I read in a recent(ish) review (of Slade House?) the opinion that Ghostwritten is still the best Mitchell has done. Not for me, of the ones I have read that would be The Thousand Autumns of Jacob de Zoet but in Ghostwritten I found the intrusion of the fantastical elements took away from the whole. Perhaps if they had been fully present from the start – part one is in the viewpoint of a delusion sufferer, true, but it is only the later parts which suggest it may not be a delusion – I would have felt differently, but I suppose in that case Mitchell might not have found a publisher. It’s brilliantly written and the characterisation is superb, but paradoxically, I thought Ghostwritten came to something less than the sum of its parts.

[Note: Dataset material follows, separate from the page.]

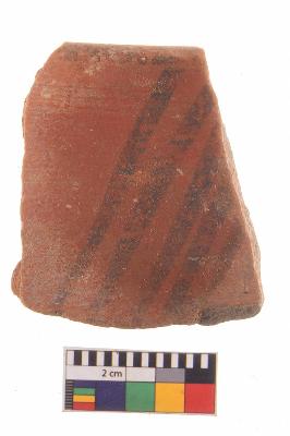 | Description / विवरण | Specimen of potsherd with black decorative geometric Linear painting, Type Black on Red Ware . |

Pedant’s corner:- “The rest of for ever in a cell” (forever,) in paper bag (in a paper bag,) the owner of the greengrocers across the street (greengrocer’s) he jubilated (as an example to be avoided of an alternative to “he said” that is an absolute cracker,) I stunk (stank,) flack (flak,) uppercutted (uppercut?) leeched (leached,) emporers (emperors,) wracked (racked,) a group of … were waiting (was,) “There are less than one hundred left” (fewer than,) noncorpi (Mitchell’s previous plural form for noncorpum was noncorpa.) “like a virus within a bacteria” (bacterium,) reindeers (reindeer,) Ulan-Bator (Ulan Bator,) more muscle that (than,) a trio were playing … (a trio was playing,) some passersbys (passersby,) Jesus’ (Jesus’s,) staunch (stanch,) acquatic (aquatic,) the only good thing about Oxford Street are (things; or “is”,) I’d betted (bet – used 12 lines above!) Kyrgistan (nowadays spelled Kyrgyztan,) scaley (scaly,) wrapped into ((wrapped in,) Maise (Maisie – but it may have been an affectionate diminutive,) “A Lighter Shade of Pale” (Whiter,) “ ‘We skipped the last fandango” (light fandango.) “The only words for technology is “here”, or “not here” (The only words are,) “in Dr Bell and my case” (in Dr Bell’s and my case,) the aerobatic corp (corps,) practise (practice,) Freddy Mercury (Freddie,) coup d’etats (coups d’etat,) the Brunei’s (the Bruneis.)